Venezuela supported Aristide with political and economic measures including supplies of 6.5 billion barrels of oil a day under the Pact, though Mexico played no part in this initiative.

The new Haitian President Rene Preval paid the overdue interest arranging a repayment plan and asking to be readmitted to the pact.

Panama had also previously lost its membership as it ran up debts of more than 90 million dollars with Venezuela and parallel debts with Mexico, negotiations for its reinclusion should finish next week in Caracas.

Luis Giusti, president of the Venezuelan State oil company (PDVSA), explained this system also benefits the two companies providing the oil, as they are guaranteeing themselves a privileged position in one of most dynamic areas of the world oil market.

The timing of the Pact renewal is aimed to overcome a swell in oil exporting and consuming capital, which leads to the impression that the vicissitudes of the imposition market law might finally do away with the most successful schemes of South-South cooperation.

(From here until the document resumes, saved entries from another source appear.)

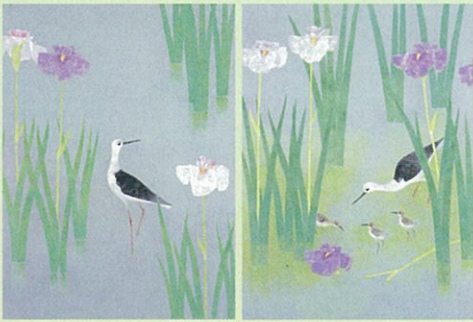
「花の水辺I・II」平成18年
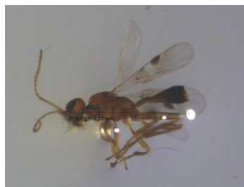
Gambar 6. Famili Ichneumonidae

ciri yaitu : tubuh berwarna orange, antena seperti rambut dengan 16 ruas, memiliki mata majemuk (Gambar 6). Serangga ini merupakan parasit bagi serangga-serangga lain atau hewan-hewan invertebrata lainnya (Borror dkk. , (1992).
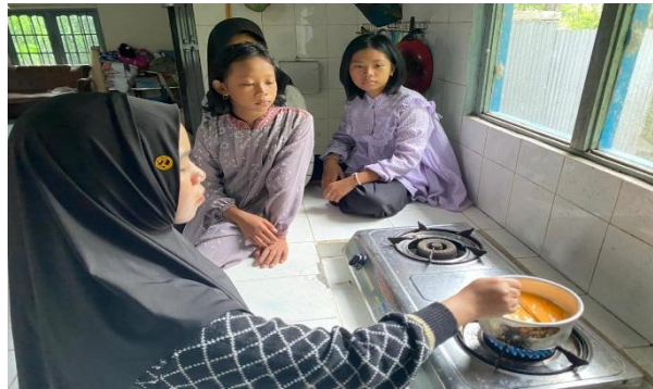
Gambar 4. Langkah 1 pembuatan es krim
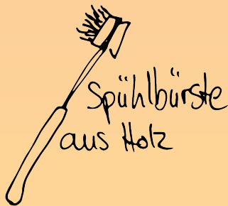
Spülbürste aus Holz
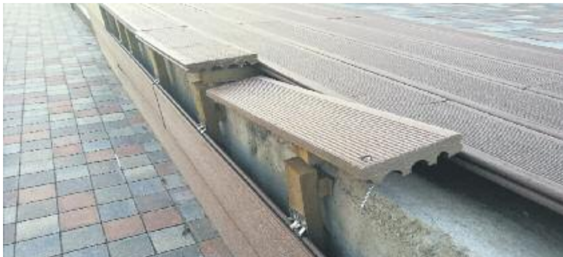
Imatge d'un banc malmès als Jardins de la rambla de Sants.

POLÈMICA ▶ Un grup de veïns de les finques dels números 100 al 122 de la rambla del Badal van presentar fa uns dies, tal com va explicar El3.cat, un escrit de queixa al Districte per denunciar l'incivisme que hi ha a la zona dels Jardins de la rambla de Sants.
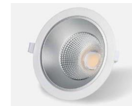
Downlight led CELER
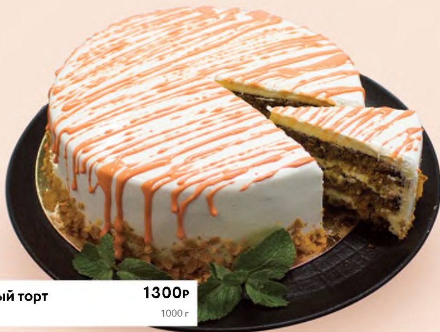
Морковный торт Carrot cake
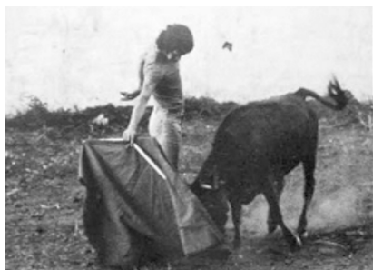
Fig. n.º 23.- Camarón de la Isla toreando una vaquilla en el campo, posiblemente en los años 60. Se lee en internet que esta foto podía ser comentada en la antigua web de José Tomás. Apud. http://losfardos.blogspot.com . No ha sido posible identificar al autor de la fotografía.

El vídeo en Youtube está acompañado de un interesante texto del propio Pachón en el que reflexiona sobre la relación
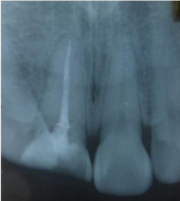
Gambar 4. Radiografis obturasi 11

Kunjungan kedua, 1 Oktober 2012. Kontrol satu minggu setelah perawatan saluran akar. Dilakukan pemeriksaan subjektif dan objektif pada gigi insisivus sentralis kanan maksila. Hasil pemeriksaan subjektif, tidak ada keluhan sakit pada pasien, hasil pemeriksaan objektif, tumpatan sementara masih baik, perkusi dan palpasi negatif. Perawatan dilanjutkan dengan pemasangan pasak, pada kasus ini dilakukan pemasangan pasak fiber (fiber post dentistry). Preparasi saluran pasak diawali dengan pengambilan gutta percha menggunakan Gates Glidden drill . Gutta percha diambil sepanjang 5 mm dari orifis, dilanjutkan preparasi pasak menggunakan Peso reamer nomor 1,2,3. Sebelumnya sudah ditentukan panjang pasak yang masuk ke saluran akar yaitu 2/3 panjang akar, pada gigi ini saluran pasak 18 mm dari titik referensi dan gutta percha yang ditinggalkan 5,5 mm. Dilanjutkan preparasi saluran pasak menggunakan precision drill yang telah disediakan dalam kemasan pabrik. Selanjutnya adalah pemasangan pasak dengan menggunakan semen resin ( Rely X , 3M). Semen diaduk sesuai petunjuk pabrik dan dioleskan ke dalam saluran akar menggunakan lentulo. Pasak fiber dioleskan semen resin dan dimasukkan ke dalam saluran pasak (Gambar 5).
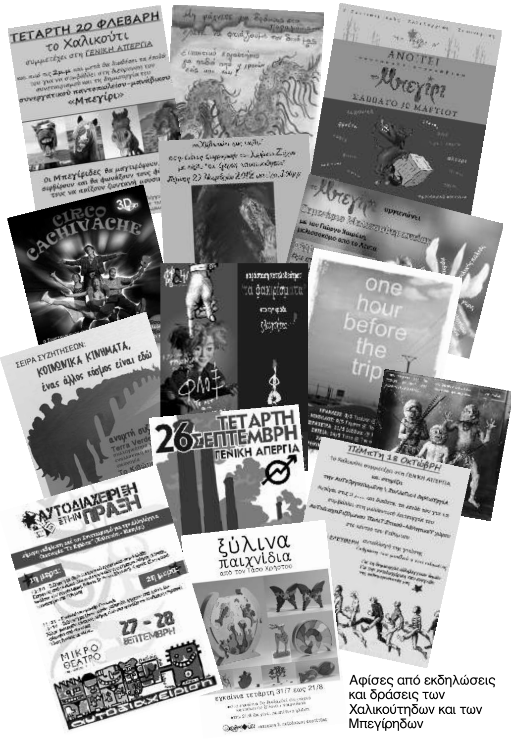
Αφίσες από εκδηλώσεις και δράσεις των Χαλκούτηδων και των Μπεγίρηδων
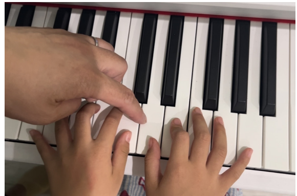
一般社団法人ストリートピアノドネーションズ
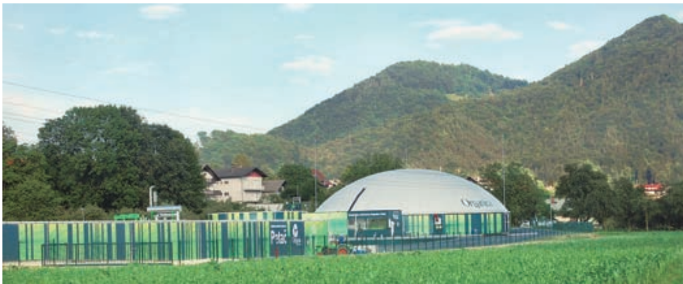
Bioplinska elektrarna Organica - Petač
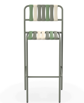
Tabouret Gelato Pistacchio Salvia
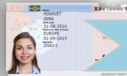
«Голубая карта» ЕС
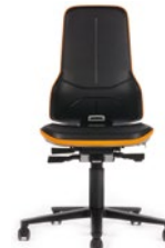
Neon 2 mit Rollen Sitzhöhe 450–620 mm
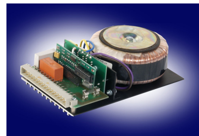
HGRW 60 VA
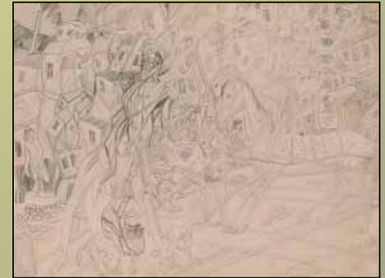
П.Н. Филонов. Формула городского
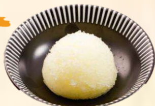
やっぱり! さっぱり♪ 200 ゆずシャーベット (税込220)
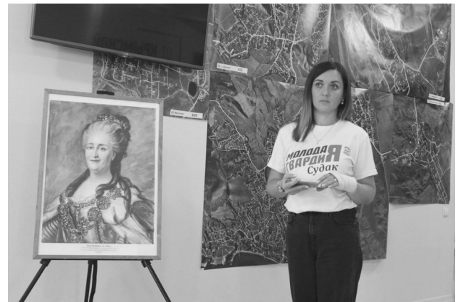
МО РВИО Судацкого ГО
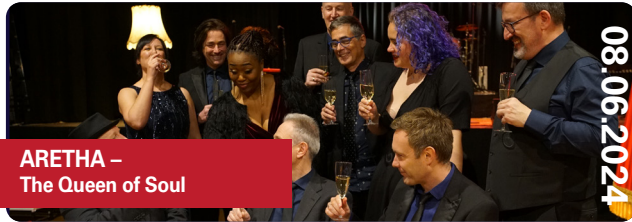
ARETHA – The Queen of Soul
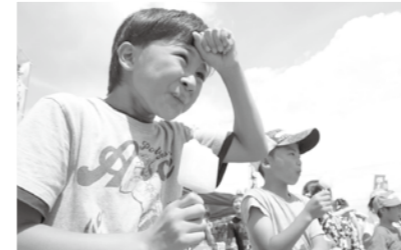
▲アイス早食い競争、冷たいアイスに頭がキーン(涙)
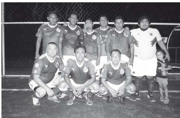
► CTM quiere recuperar el liderato.

Ya no hubo goles y se fueron a serie de penales para definir el punto extra.
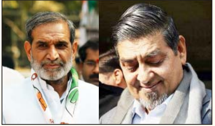
டெல்லி சீக்கியப் படுகொலையின் தளபதிகள்: சஜ்ஜன் குமார் (இடது) மற்றும் ஜகதீஷ் டைட்லர்.

டெல்லியில் சீக்கியர்களுக்கு எதிராக நடத்தப்பட்ட படுகொலை, பாலியல் வல்லுறவுகள், கலவரம், தீவைப்பு தொடர்பாக 740 வழக்குகள் தொடரப்பட்டதில், 324 வழக்குகள் விசாரணை எதுவுமின்றி ஊத்தி மூடப்பட்டுவிட்டன. நீதிமன்ற விசாரணை வரை சென்ற 403 வழக்குகளுள் 335 வழக்குகளில் குற்றவாளிகள் அனைவரும் விடுதலை செய்யப்பட்டுவிட்டனர். 13 வழக்குகள் என்ன நிலைமையில் உள்ளன என்ற விவரம் யாருக்குமே தெரியவில்லை. மீதி வழக்குகள் நீதிமன்றத்தில் நிலுவையில் உள்ளன.
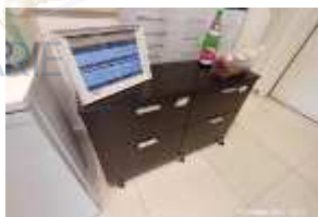
Inox Trade (115)
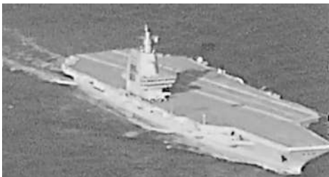
▲台軍F16V的偵察吊艙拍攝到通過台灣海峽的福建艦。

解放軍三航母礪劍深藍，中國海空聯合立體威懾態勢持續增強。日前，中俄聯合空中戰略巡航首次與遼寧艦航母編隊在西太平洋的遠海訓練同時進行。日媒披露，遼寧艦編隊最近時距離九州島僅約400公里，「中國航母在日本西南島嶼周邊演訓常態化」成為熱話。
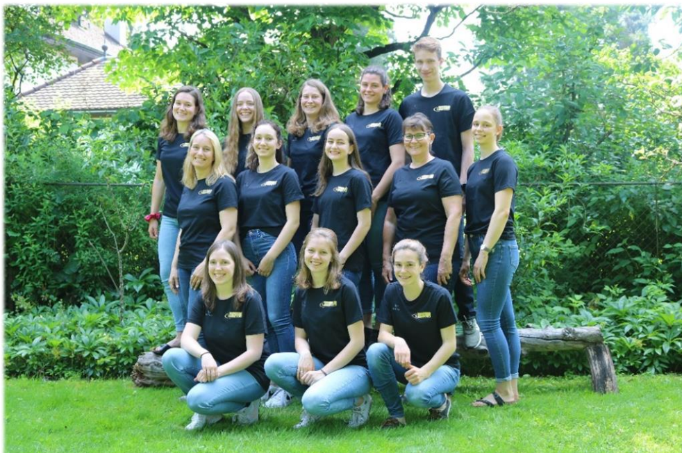
Leiterteam Geräteturnen Sportverein SATUS Oberentfelden
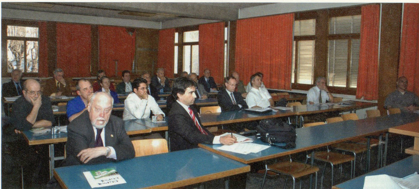
Une assemblée attentive, mais un peu perplexe.

ce thème au travers de ses actions de communication, à savoir principalement la publication du Bulletin et sa conférence d'automne lors du prochain exercice.

However, after substantial revision of the credit mechanisms, the new improved programme is back on line.

There were also problems in the donor nations, especially Venezuela, where the Pact was criticised for “giving away” funds which were not recovered, while the national population was suffering from serious economic problems.

But the figures show that 60 percent of the income going to the Venezuela Investment Fund (FIV), which deals with the financial part of the agreement come from cooperation.

The FIV is now limited to loans totalling 15 percent of its total assets, and a reduction to 50 percent of the goods and services to be used in a project in a beneficiary nation must come from Venezuela.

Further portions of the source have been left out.